**** MATERIAL FOR THE TASK
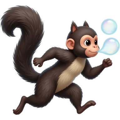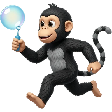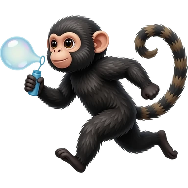 ouistiti noir et gris qui fait des bulles en courant emoji
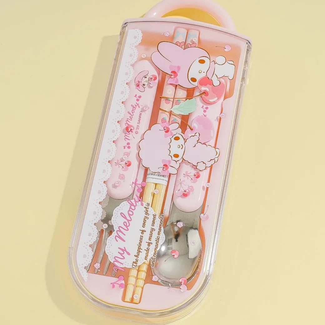 Add this kawaii utensil set to your lunch box! It showcases cute illustrations of My Melody and My Sweet Piano with cherries and strawberries. The set includes a pair of reusable chopsticks, antibacterial spoon and fork, and a carrying case with a sliding transparent cover. It also comes with a sticker for your name!
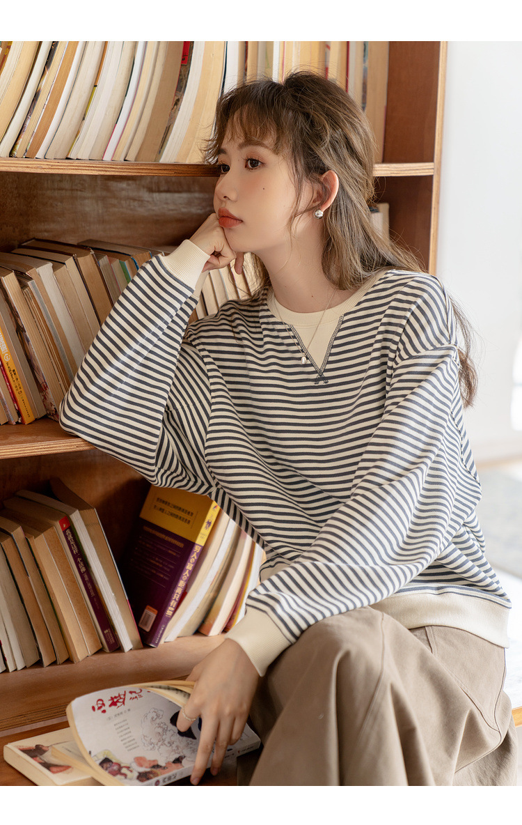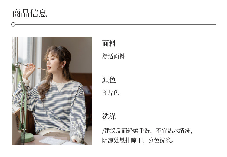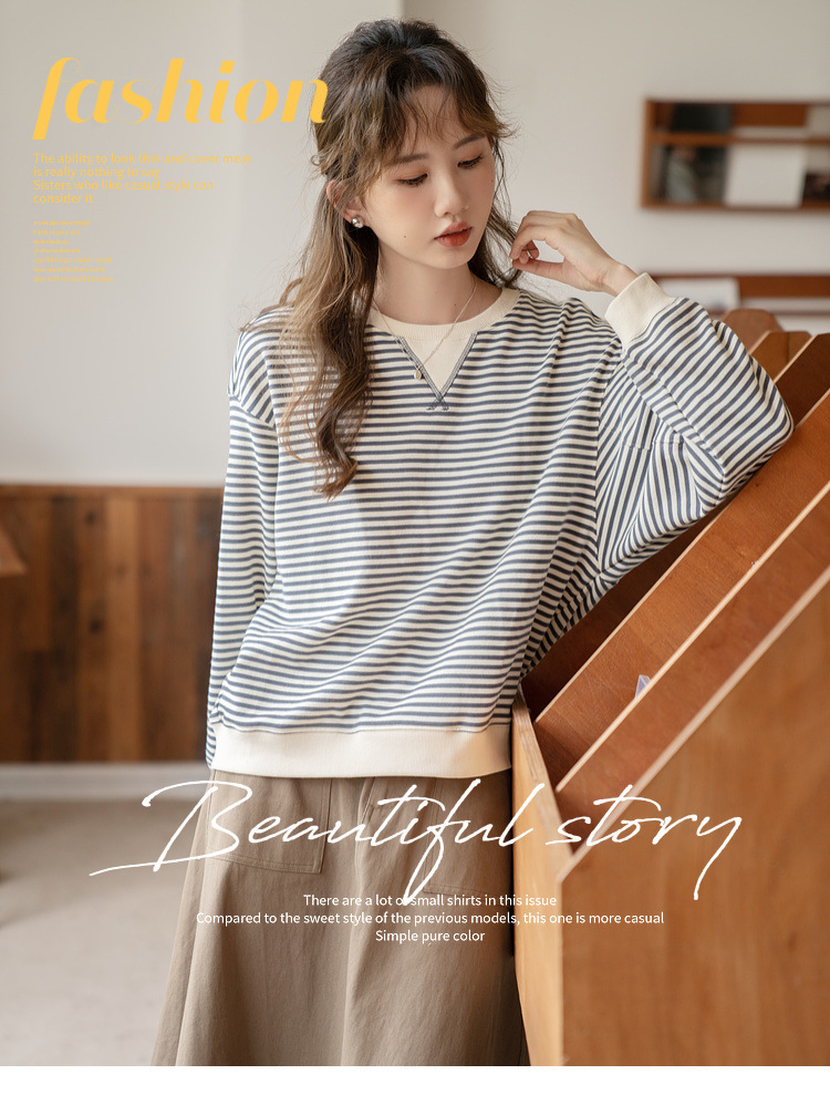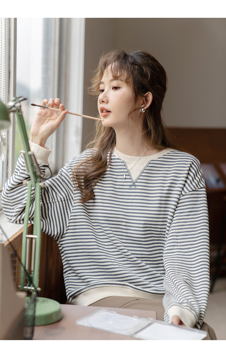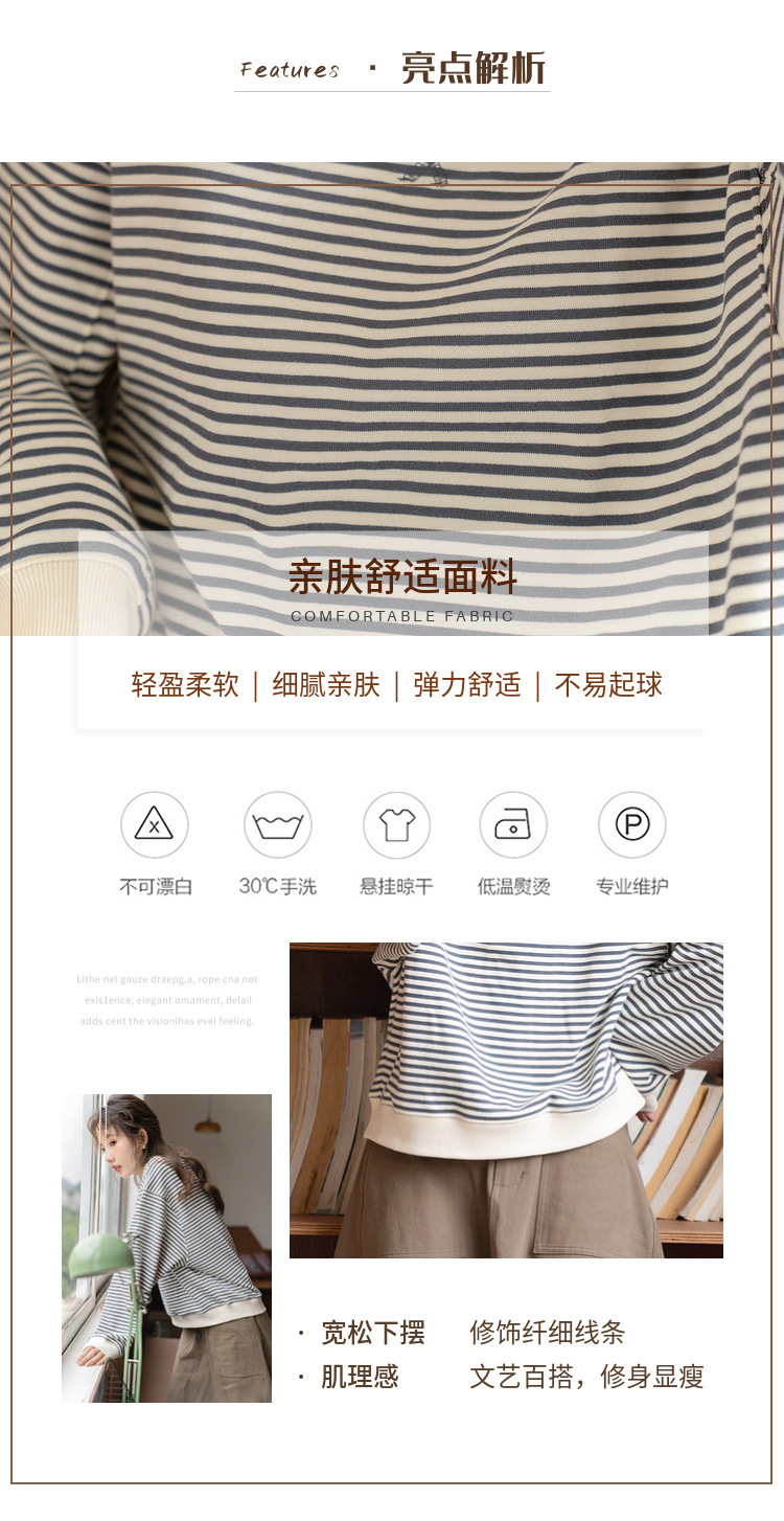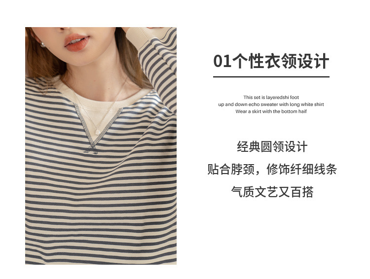 2024 가을 새로운 캐주얼 패션 그레이 스트라이프 니트 라운드 넥 컬러 매칭 디자인 감각 스웨터 여성의 오버 사이즈스토어 가기
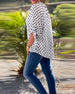 modische bluse mit leopardenmuster und V-ausschnitt sowie patchwork-spitze
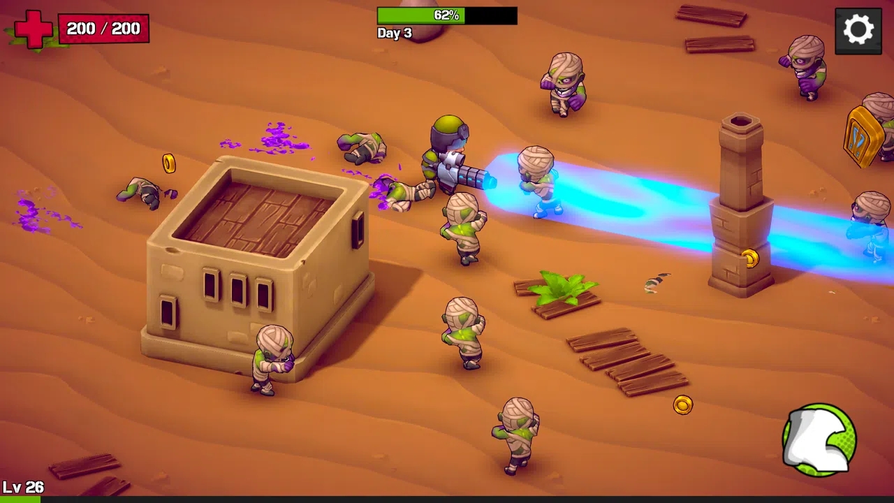 游戏设计了超过100个风格迥异的冒险关卡,每个关卡都有独特的地形和任务目标。你需要在这些关卡中完成营救幸存者、收集物资、摧毁僵尸巢穴等多样任务。随着等级提升,你将解锁更强大的技能,如快速治疗、精准射击等,帮助你在与僵尸的搏斗中占据优势。
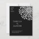 Fira din speciella dag med en smula elegans och sofistikering med vår unika och designade bröllopsinbjudan. Med en svart bakgrund som är försedd med en mätare vit roterande symmetri mönster i dekorationer och prickar skapar upp ett blomster mönster, fångar denna inbjudan på ett vackert sätt det väsentliga i tidlös romantik och modern charm. Denna inbjudan är perfekt för par att hitta en blandning av contemporary och klassiskt elegans, som anger tonen för ett bröllop som kommer att bli ihågkommet för dess skönhet och ära. Ordna er i dag och se till att ert uttalande från bröllop verkligen blir oförglömligt!
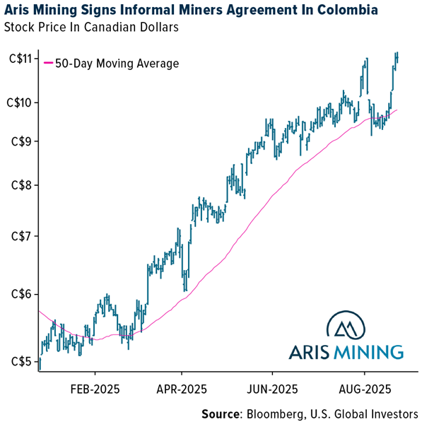 - Aris Mining has partnered with 2,500 small-scale miners, who now produce 45% of output from its Segovia mine in Colombia. Instead of evicting them, Aris provides support and buys their gold—offering a more cooperative model than other miners in the region.
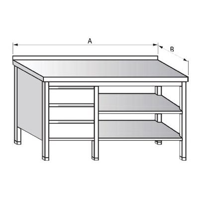 Stůl nerezový s 2 x policí a zásuvkovým blokem - tuhá celonerezová konstrukce se sendvičově provedenou vrchní deskou a zadním lemem v=40 mm. Nohy JEKL (40x40 mm), výškově stavitelné. Základní výška stolu je 850 mm. Na objednávku výška 900 mm bez příplatku.
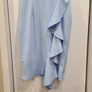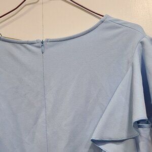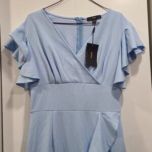 NWT Knitee Light blue Dress with ruffle sleeves and ruffle in the front. Has a zipper on the back. Slightly stretchy material. Zipper goes all the way down the back- 20" Length zipper.
********
_PROBLEM STATEMENT:_
Starting with the first line of the data above, write out each line exactly up to and including the line that holds "游戏设计了超过100个风格迥". Pictures stay out.

_WRITTEN REPLY:_
 ouistiti noir et gris qui fait des bulles en courant emoji
 Add this kawaii utensil set to your lunch box! It showcases cute illustrations of My Melody and My Sweet Piano with cherries and strawberries. The set includes a pair of reusable chopsticks, antibacterial spoon and fork, and a carrying case with a sliding transparent cover. It also comes with a sticker for your name!
 2024 가을 새로운 캐주얼 패션 그레이 스트라이프 니트 라운드 넥 컬러 매칭 디자인 감각 스웨터 여성의 오버 사이즈스토어 가기
 modische bluse mit leopardenmuster und V-ausschnitt sowie patchwork-spitze
 游戏设计了超过100个风格迥异的冒险关卡,每个关卡都有独特的地形和任务目标。你需要在这些关卡中完成营救幸存者、收集物资、摧毁僵尸巢穴等多样任务。随着等级提升,你将解锁更强大的技能,如快速治疗、精准射击等,帮助你在与僵尸的搏斗中占据优势。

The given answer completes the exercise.